Cuando murió mi abuela Juana, al volver del cementerio mi mamá entró a la cocina a hacerse un té. Salió segundos después, emocionada: “Chicas, por suerte quedó en la alacena y sin abrir un frasco de dulce de cerezas hecho por la bobe…”. Se me hizo un nudo en la garganta: no puedo comer nada que haya cocinado con sus manos, pensé; ella está muerta, cómo voy a comer algo vivo hecho por alguien que murió. ¿Cómo voy a hacer desaparecer el último resto de su vitalidad, me dije, pese a que adoraba ese dulce, parte del sello personal de mi abuela?
Y un día también mi mamá murió y nos dejó a mi hermana y a mí, extranjeras, en la patria de los vivos. Regalamos la mayor parte de su ropa, apenas nos quedamos con algún pañuelo o un abanico, y sus innumerables libretas colmadas de su coqueta caligrafía. Aún hoy, a ocho años de su muerte, encontrar una agenda o un escrito de mi madre me sobresalta: siguen siendo letra viva esas recetas o anotaciones. No pude tirarlas, igual que no pude comer el dulce de la bobe; son sus rasgos singulares los que están ahí: ¿con qué derecho voy a hacer desaparecer de este mundo algo que ella consignó con interés, necesidad o incluso amor?
La muerte de un ser amado disloca el sentido e inicia la reconstrucción de la propia vida sin el otro. Aparecen todas las preguntas, todas las nostalgias, las del pasado en común pero también las del pasado del otro, en el que ni siquiera existíamos pero que dio las herramientas fundacionales para que nuestro amado fuera quien fue.

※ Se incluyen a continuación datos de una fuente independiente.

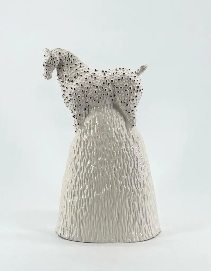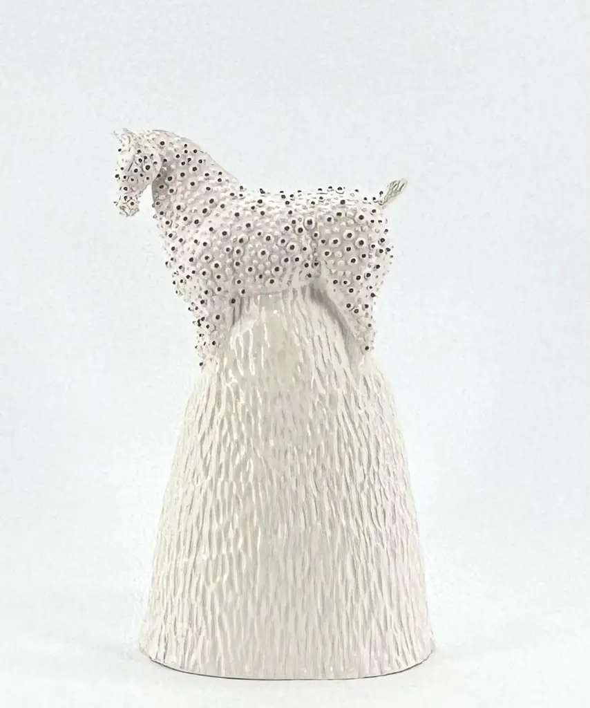 White And Pois Horse, Ceramic Centerpiece, Handmade Without Mold, New 2024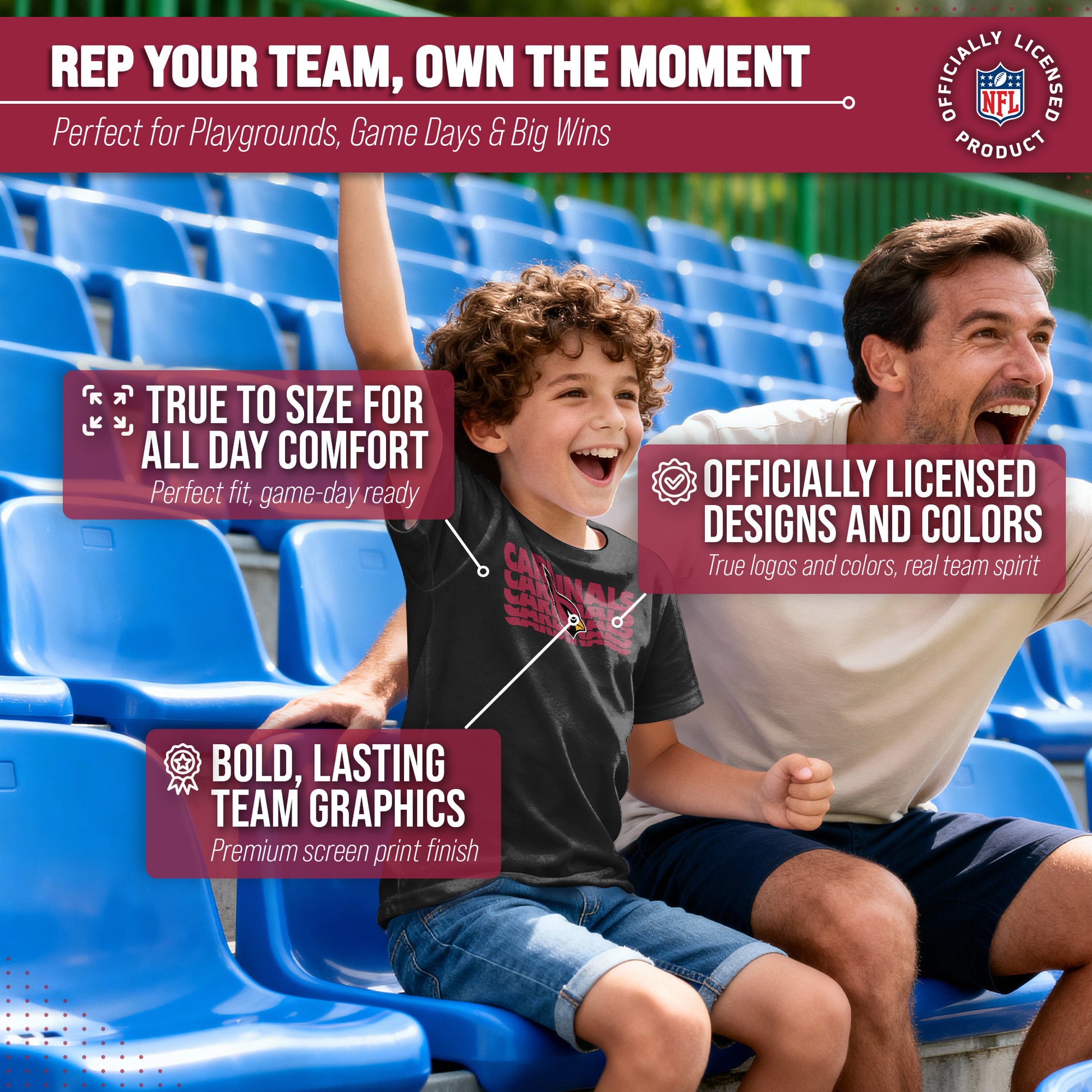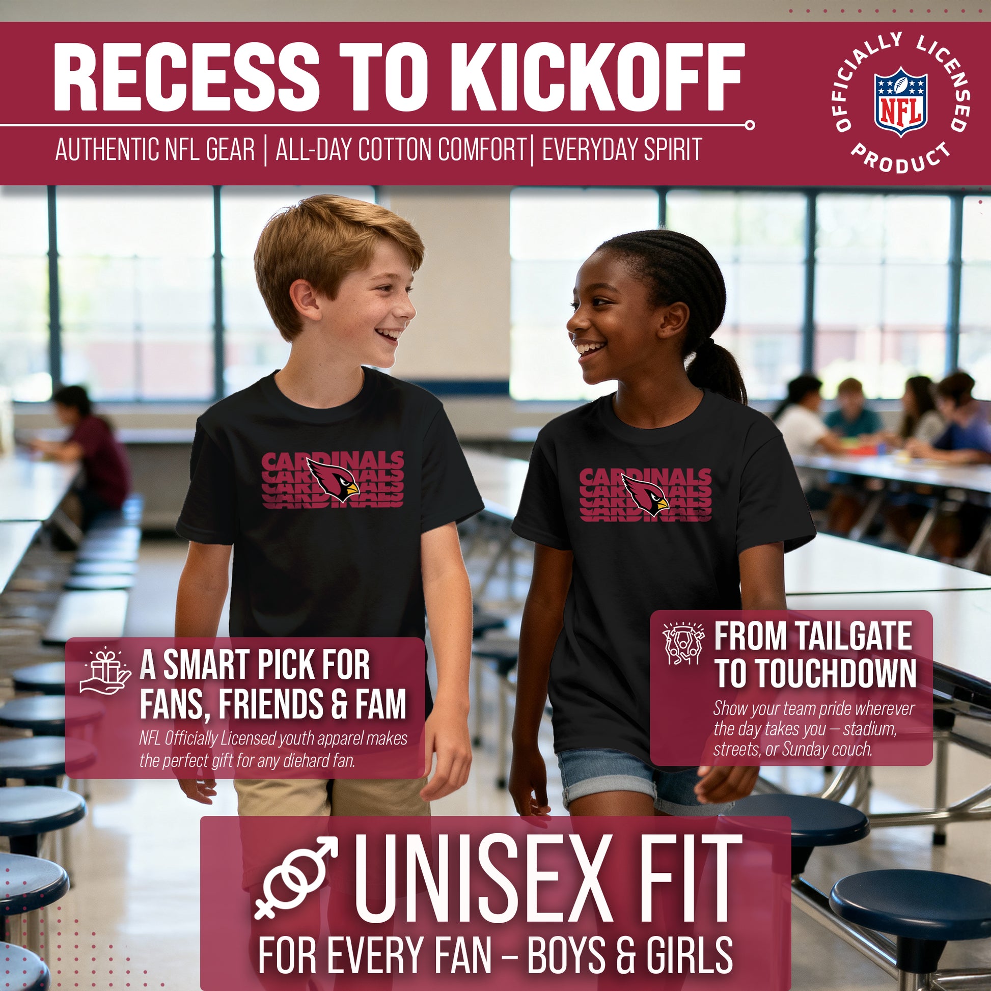 Arizona Cardinals NFL Youth Repeating Logo Football T-Shirt Unisex Tag Free Comfortable - Black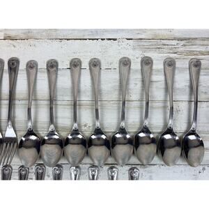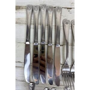 Towle Supreme Cutlery ENGLISH SHELL Stainless 36 Pc Flatware Set Japan. This set includes 5 dinner knives, 3 dinner forks, 8 table spoons, one butter knife, 11 teaspoons, and 8 salad or dessert forks. They have not been cleaned or polished in any way. See photos and video for details.
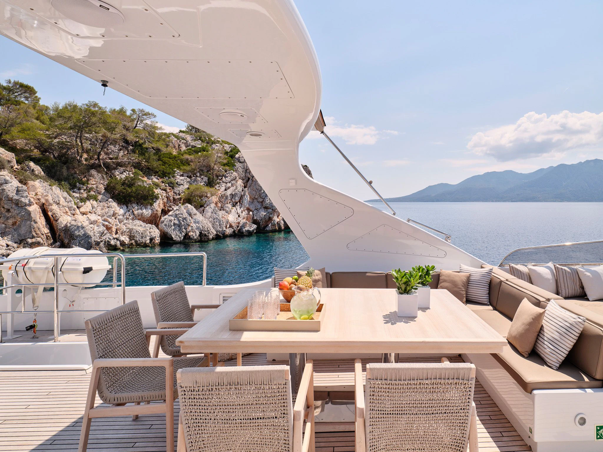Back on the main deck, there is a lovely spot for breakfast and morning coffee
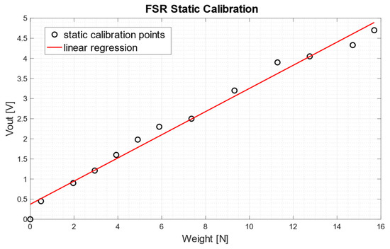 Results of the static FSR calibration are showed in Figure 10. Experimental measurements are represented as circles, while linear regression is represented as a red continuous line. Considering the weights applied to the sensor to be x (N) and the output voltage from the conditioning circuit to be y (V), the equation of the linear regression resulted: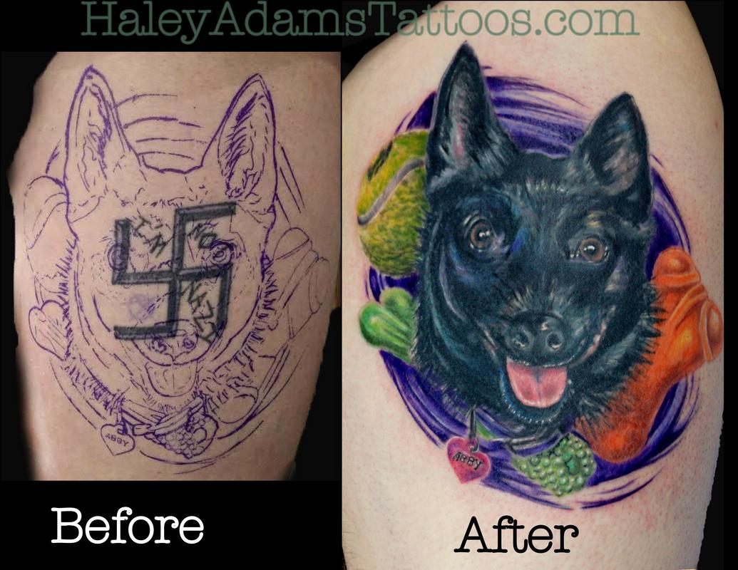 Before and after tattoo, cover up tattoo, san francisco cover up tattoos, dog portrait tattoo, animal portrait tattoo, tennis ball tattoo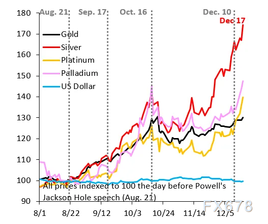 白银涨势正开始重现黄金数月前的狂热态势——这意味着涨势正蔓延至铂、钯等其他贵金属。若质疑这是否存在泡沫,此类“传染效应”已不言自明。
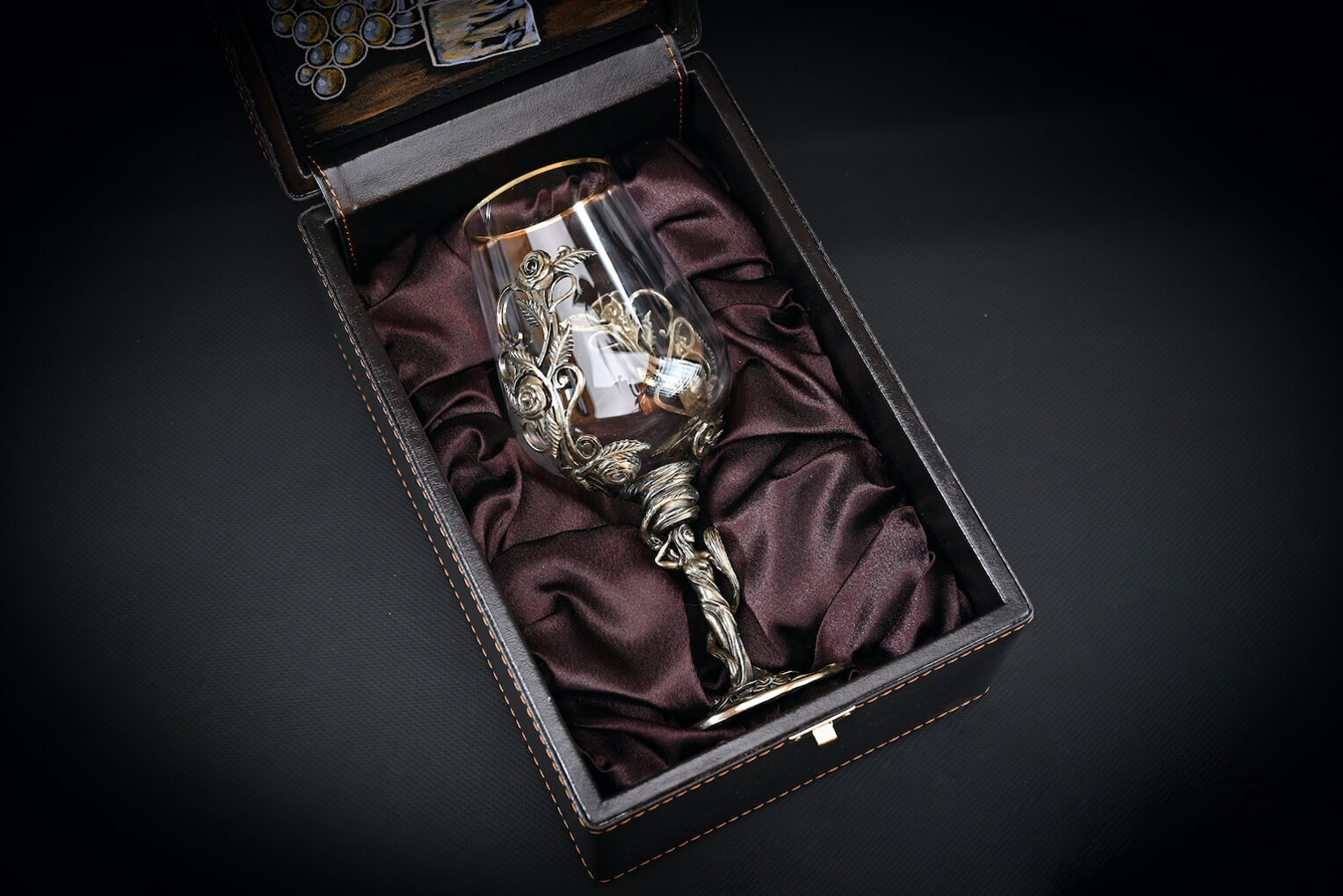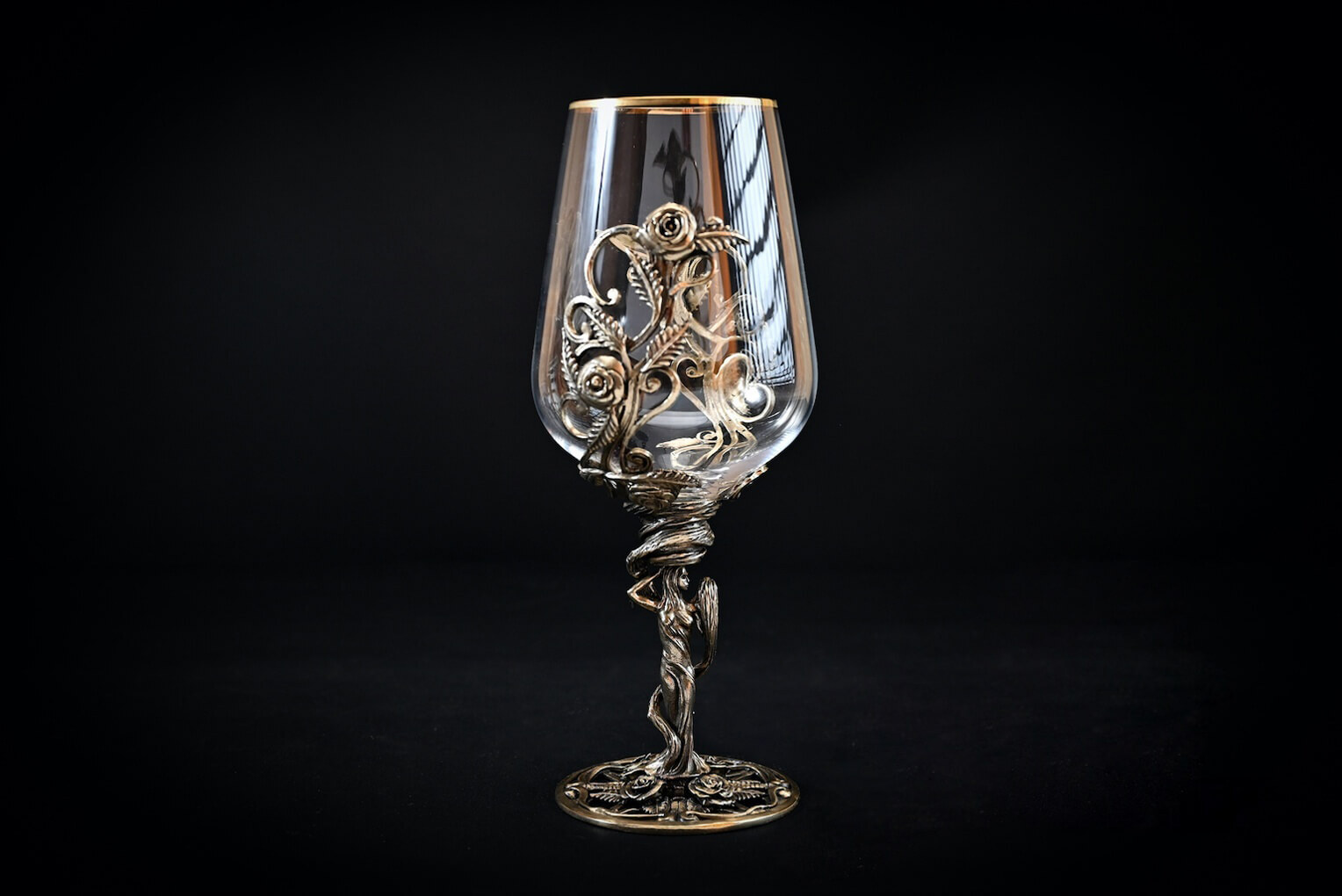Каждый бокал уникальное авторское изделие. Необычный декор, выполненный методом художественного литья, восхищает и завораживает свой ажурной красотой.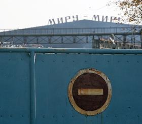 Жанровая фотогрвфия. Дорожный знак "Въезд запрещен" ("кирпич") на воротах предприятия Втормет".…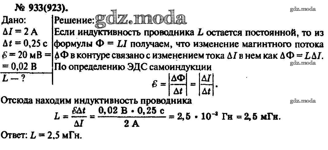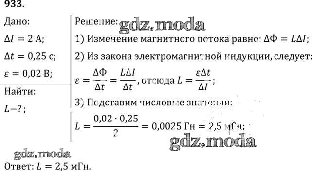 ОТВЕТ на задание № 933 Задачник по Физике 10-11 класс Рымкевич УМК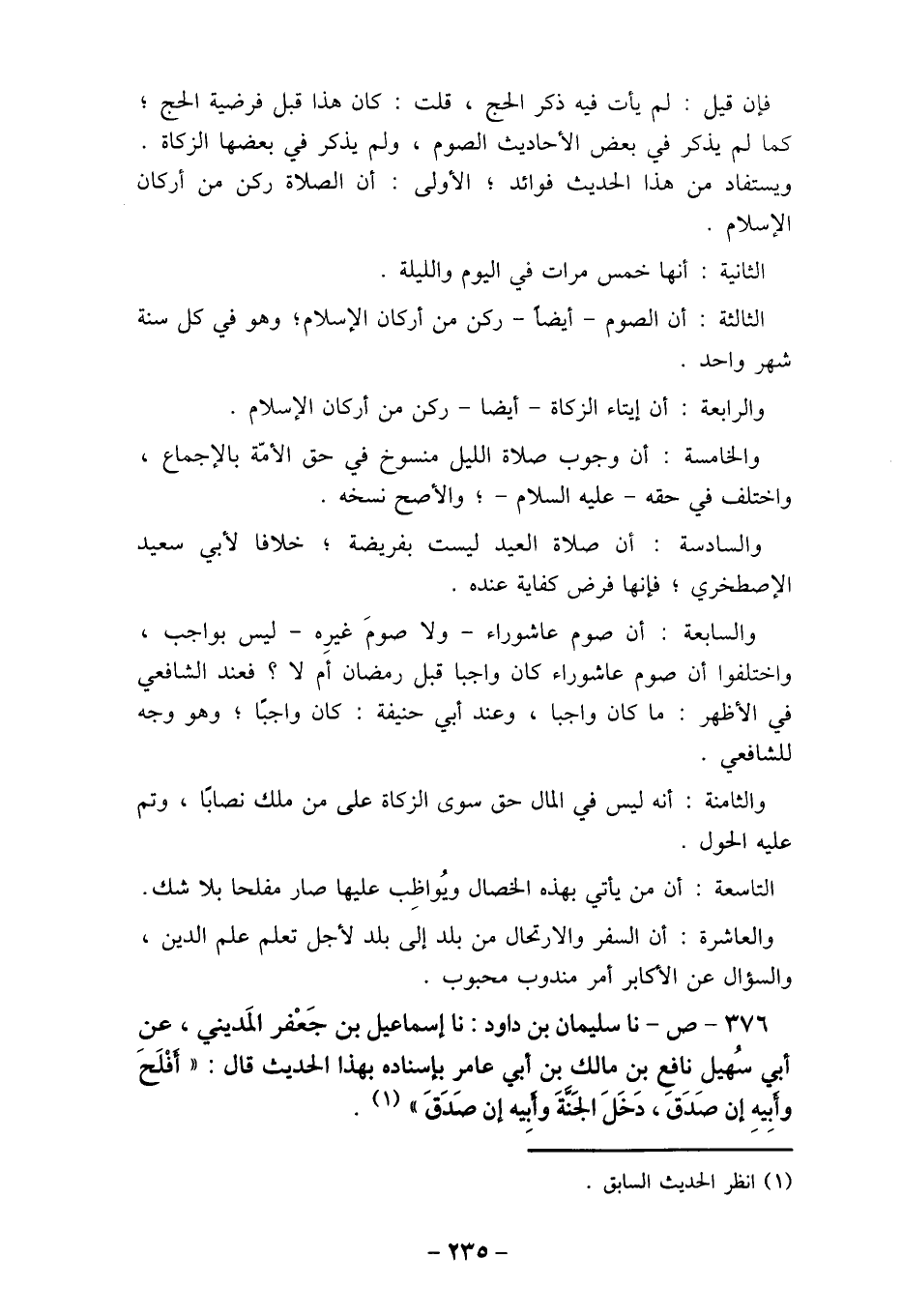 أبي سُهيل نافع بن مالك بن أبي عامر بإسناده بهذا الحديث قال: " أفلَحَ

En su último libro, La ridícula idea de no volver a verte, Rosa Montero disecciona el duelo en dos direcciones. Por un lado, relata la historia de Marie Curie, la física y química polaca y dos veces Premio Nobel y, por otro, cruza los rieles de su propia vida por sobre el destino de Curie, para poder narrar lo inenarrable: la muerte del marido, el compañero de vida. Pierre, esposo de Marie, padre de sus dos hijas pequeñas y también científico y Nobel, murió atropellado por un carruaje en 1906. La noticia de esa muerte violenta llega de la calle como un rayo para Marie, quien años antes había abandonado su país de nacimiento para ir a París tras los pasos de su amor y la creación de un futuro familiar y profesional. A partir de ese momento, Marie prohíbe a sus hijas nombrar al padre en su presencia, escribe que quiere aullar de dolor y guarda sus ropas ensangrentadas y con restos de sesos, a las que besa en secreto durante meses, hasta que llega la hora de desprenderse del último vestigio de vida de su amor.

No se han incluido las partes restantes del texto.